**SUPPLIED MATERIAL:**
══════

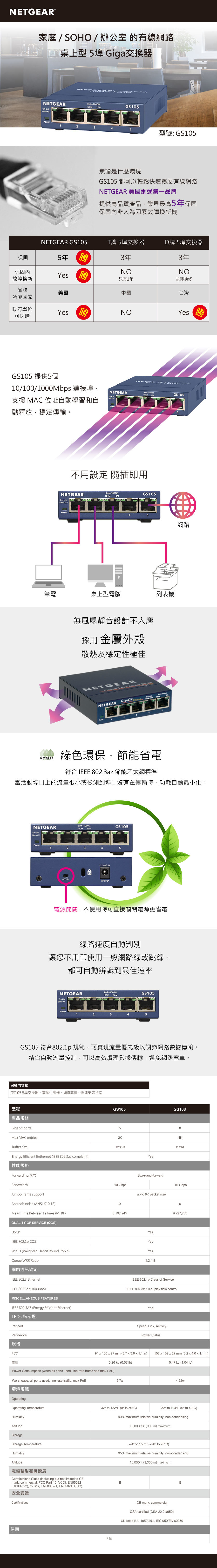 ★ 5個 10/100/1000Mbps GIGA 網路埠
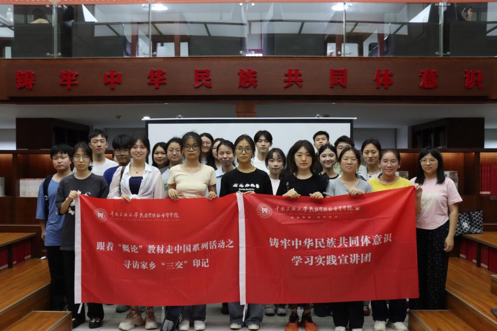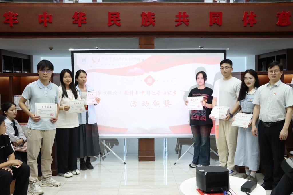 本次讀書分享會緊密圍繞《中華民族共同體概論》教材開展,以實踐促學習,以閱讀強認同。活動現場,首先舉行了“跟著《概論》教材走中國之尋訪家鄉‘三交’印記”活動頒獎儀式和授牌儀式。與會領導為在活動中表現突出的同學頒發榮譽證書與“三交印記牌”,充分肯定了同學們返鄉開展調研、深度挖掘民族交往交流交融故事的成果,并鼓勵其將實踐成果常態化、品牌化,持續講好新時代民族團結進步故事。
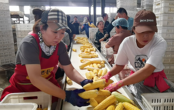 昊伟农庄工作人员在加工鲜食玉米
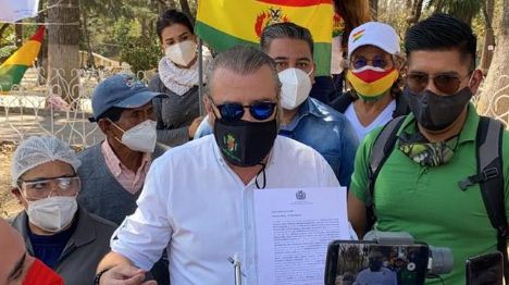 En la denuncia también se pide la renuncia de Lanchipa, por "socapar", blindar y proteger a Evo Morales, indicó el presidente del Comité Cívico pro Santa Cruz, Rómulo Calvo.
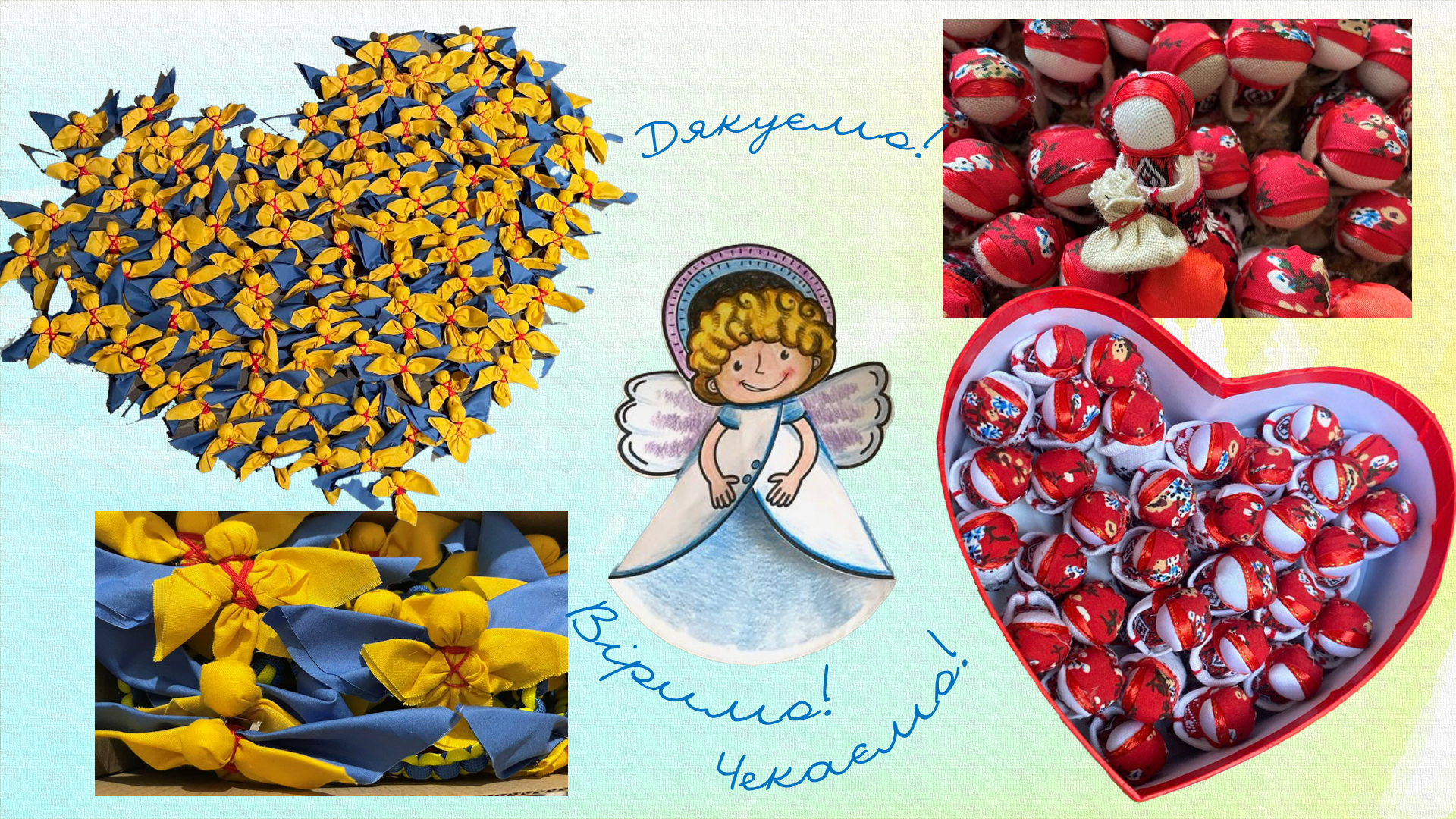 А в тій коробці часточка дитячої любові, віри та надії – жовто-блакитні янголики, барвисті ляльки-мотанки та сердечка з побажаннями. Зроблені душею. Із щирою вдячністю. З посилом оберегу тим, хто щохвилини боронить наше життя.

══════

**WHAT YOU NEED TO DO:** Please give back every line above exactly as it stands, without pictures.

**ANSWER SECTION:**
 ★ 5個 10/100/1000Mbps GIGA 網路埠
 本次讀書分享會緊密圍繞《中華民族共同體概論》教材開展,以實踐促學習,以閱讀強認同。活動現場,首先舉行了“跟著《概論》教材走中國之尋訪家鄉‘三交’印記”活動頒獎儀式和授牌儀式。與會領導為在活動中表現突出的同學頒發榮譽證書與“三交印記牌”,充分肯定了同學們返鄉開展調研、深度挖掘民族交往交流交融故事的成果,并鼓勵其將實踐成果常態化、品牌化,持續講好新時代民族團結進步故事。
 昊伟农庄工作人员在加工鲜食玉米
 En la denuncia también se pide la renuncia de Lanchipa, por "socapar", blindar y proteger a Evo Morales, indicó el presidente del Comité Cívico pro Santa Cruz, Rómulo Calvo.
 А в тій коробці часточка дитячої любові, віри та надії – жовто-блакитні янголики, барвисті ляльки-мотанки та сердечка з побажаннями. Зроблені душею. Із щирою вдячністю. З посилом оберегу тим, хто щохвилини боронить наше життя.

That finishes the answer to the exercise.